Tinieblas de un verano Takeshi Kaiko¯

Traducción de Gustavo Pita Céspedes


Todos los derechos reservados. Ninguna parte de esta publicación puede ser reproducida, transmitida o almacenada de manera alguna sin el permiso previo del editor.

Título original 夏の闇 Natsu no yami Copyright © 1972 by Kaiko Takeshi Memorial Society First published in Japan in 1972 by Shinchosha Publishing Co., Ltd., Tokyo Spanish language translation rights arranged with K aiko Takeshi Memorial Society through Japan Foreign-Rights Centre/Ute Körner Literary Agent, S.L. www.uklitag.com Primera edición: 2017 Traducción © Gustavo Pita Céspedes Ilustración de portada © Harriet Lee-Merrion Copyright © Editorial Sexto Piso, S. A. de C. V., 2017 París 35–A Colonia del Carmen, Coyoacán 04100, Ciudad de México, México Sexto Piso España, S. L. C/ Los Madrazo, 24, semisótano izquierda 28014, Madrid, España www.sextopiso.com Diseño Estudio Joaquín Gallego Impresión Cofás Formación Grafime ISBN: 978-84-16677-41-2 Depósito legal: M-26116-2017 Impreso en España


Yo conozco tus obras, que ni eres frío ni caliente. ¡Ojalá fueses frío o caliente! Apocalipsis, 3, 15



Por aquella época, todavía andaba de viaje. Tras salir de un país, había entrado en otro, y allí, acostándome y levantándome en un hostal barato de una barriada estudiantil de la capital, pasaba los días. Justo empezaba la estación veraniega y la mayor parte de los habitantes ya se había marchado al sur a descansar, de modo que en la capital se percibía la misma vacuidad que en los vastos cementerios o los solitarios valles. Cada día llovía desde la mañana, y a causa de un cielo deslucido, como de algodones viejos, que pendía muy bajo, faltaba calor y brillo en todas partes. Como el verano traía consigo sus terribles diarreas, en ningún sitio se percibía otra cosa que frialdad, humedad y penumbra. Nada supuraba, secretaba o fermentaba. Eso me gustaba.

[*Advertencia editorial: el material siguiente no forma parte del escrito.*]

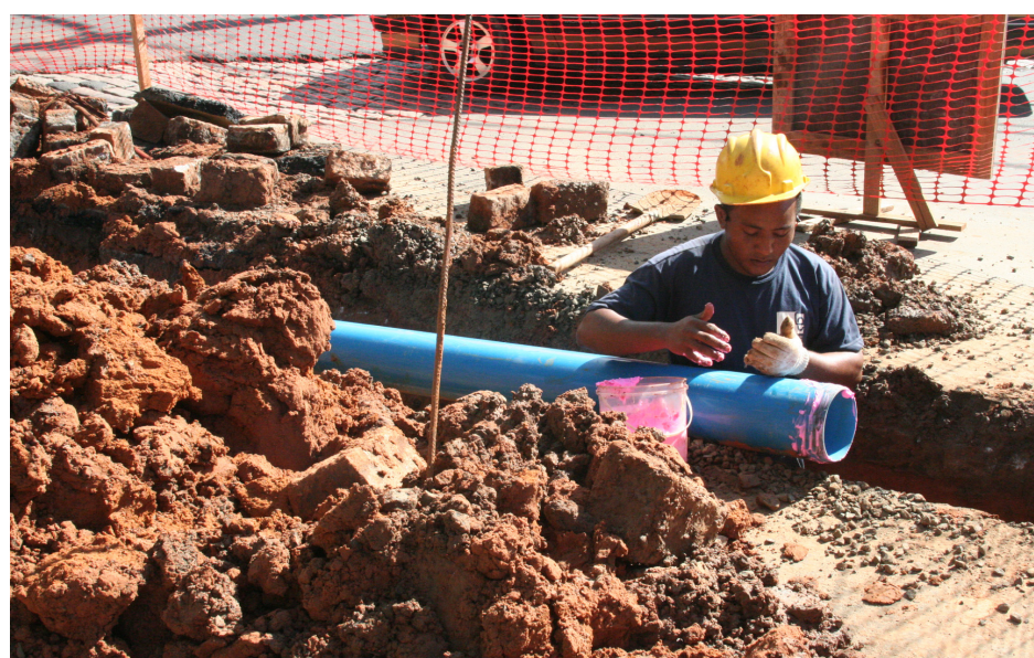
Esta semana os trabalhos se concentraram nas imediações da rua José Maria Miranda

A Prefeitura de Sumaré está finalizando o serviço de interligação do novo sistema de distribuição de água localizado no quadrilátero central. Face as obras, a Prefeitura informa que o trânsito, nos locais a rede recebe intervenção, poderá apresentar lentidão. Por isso, o motorista deve redobrar a atenção. De acordo com informações da Secretaria de Obras, no total, estão sendo executadas cerca de 200 ligações do sistema de distribuição com os lotes e empreendimentos comerciais. No segundo semestre do ano passado foram instalados 2.555 metros de rede de distribuição, cujo objetivo era conter as perdas de água. A tubulação antiga, datada do ano de 1950, feita em ferro, apresentava problemas de vazão e baixa pressão. Por esse motivo a sua substituição se tornou necessária. Estão sendo investidos, por meio do Programa de Aceleração do Crescimento (PAC) R$ 382.947,37 em uma nova tubulação em PVC, material mais flexível e que garantirá
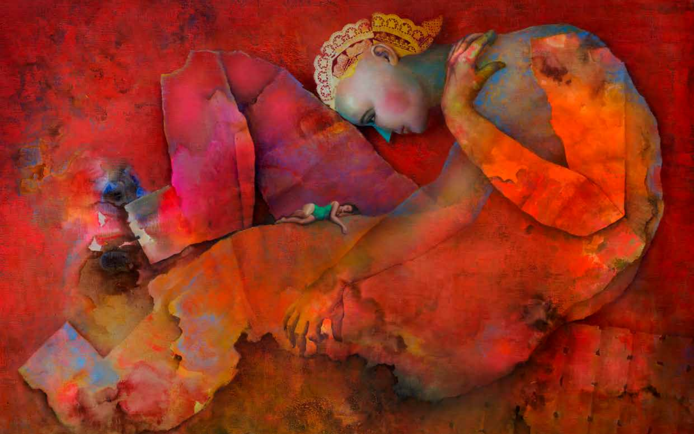
TIERRA Y NOCHE Óleo y técnica mixta sobre tela 127 x 190 cm 2017
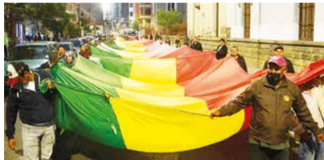
Vecinos del Distrito 2 protestan por alza de pasaje. H. ANDIA

Los movilizadost cuestionaron el impacto que tendrá la elevación de productos de la canasta familiar.
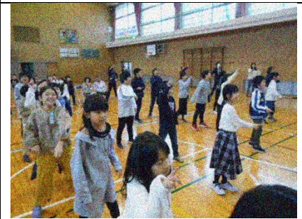
全校で楽しく踊ってフィナーレ
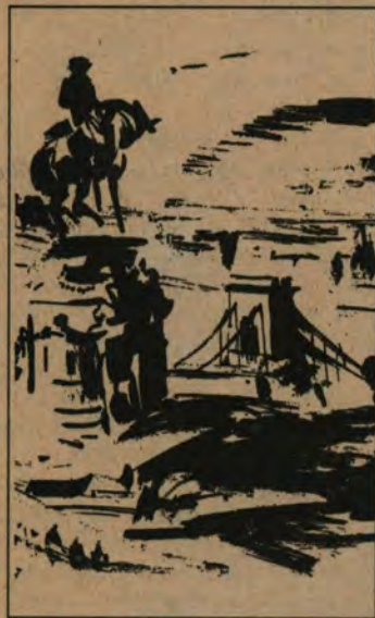
Gönczi Béla rajza

Az osztrák területen elhelyezett francia hadifoglyok
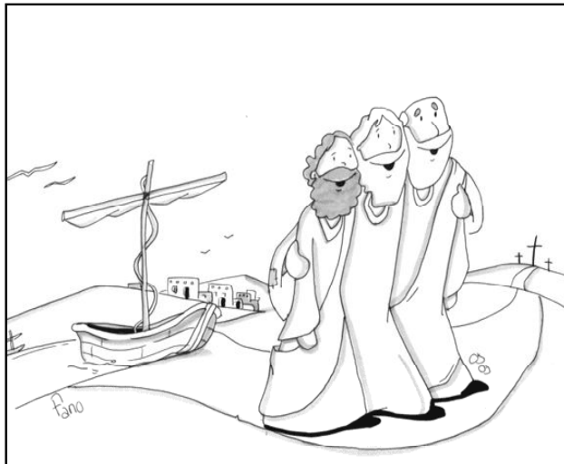
"Venid y seguidme"

tramos ejemplos en el Evangelio de este Domingo. Simón, Andrés, Santiago y Juan. Ser discípulos supone haber conocido y amado, por lo menos inicialmente, a Jesús. De alguna manera se sienten seducidos por Aquél que les ha llamado por su nombre. A la curiosidad sucede la fuerte atracción. Se encuentran con Él, conocen cómo vive y le siguen... Pero tiene un precio: deben dejar "la barca y a su padre". Son ejemplo de conversión. Un rato antes no le conocían, ahora le conocen e, inicialmente, están dispuestos a seguirle.
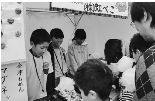
熱心に販売する児童たち

を決算し、チームごとに発表。これらを基に審査を行って11月23日の会津大学講堂での表彰式でグランプリ、準グランプリチームを決定する。
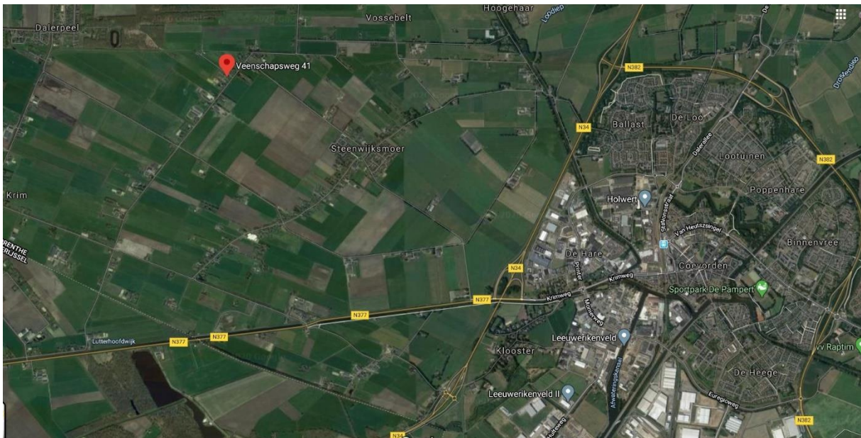
Figuur 2: Ligging van de onderzochte locatie.

De onderzochte locaties bevinden zich aan de Veenschapsweg 41 en 59. Aan Veenschapsweg 41 (figuur 3 rood omkaderd) betreft het een braakliggend terrein waar ooit een kippenschuur heeft gestaan. Nu is er slechts sprake van een betonnen vloer. Aan Veenschapsweg 59 (figuur 3 geel omkaderd) betreft het een oude kippenschuur. Deze schuur staat inmiddels een jaar op 5 leeg. De schuur is van oorsprong gebouwd met houten wanden op een bakstenen ondermuur. Voor en achterzijde bestaan uit bakstenen muren. De houten wanden zijn later aan de buitenzijde afgetimmerd met damwandprofielplaten. Het dak bestaat uit golfplaten welke overal naadloos op elkaar aansluiten. Aan de binnenzijde is de kippenschuur nog geheel in oude staat. Dat wil zeggen: alle voorzieningen behorend bij een kippenhouderij zijn nog aanwezig. Voor een impressie van de onderzochte locatie: Zie fotobijlage.

Casi por delante del hostal corría un río y, en la orilla opuesta, había una catedral rodeada por un bosquecillo.* No importaba cuándo mirara uno el río: un amarillo apagado, como mezclado con cenizas, enturbiaba invariablemente sus aguas, acribilladas por las innumerables gotas de lluvia. Los monstruos del techo de la catedral estaban empapados. Permanecían allí, congelados en su postura, como si una mirada fija los hubiera bañado en el preciso instante en que abrían sus fauces para rugir. Yo me sentaba en la cama y, mientras bebía sorbos de vodka, contemplaba los anillos que se ensanchaban sobre las amarillentas aguas del río para disolverse * Por esa época, el autor residió en varios hostales estudiantiles de París como Le Mathurin o Le Soufflot, ubicado en la Rue Soufflot del quinto arrondissement de París, en el Quartier Latin, muy cerca de la Sorbona, del río Sena y de la catedral de Notre Dame. [Ésta y todas las notas que aparecen son del traductor].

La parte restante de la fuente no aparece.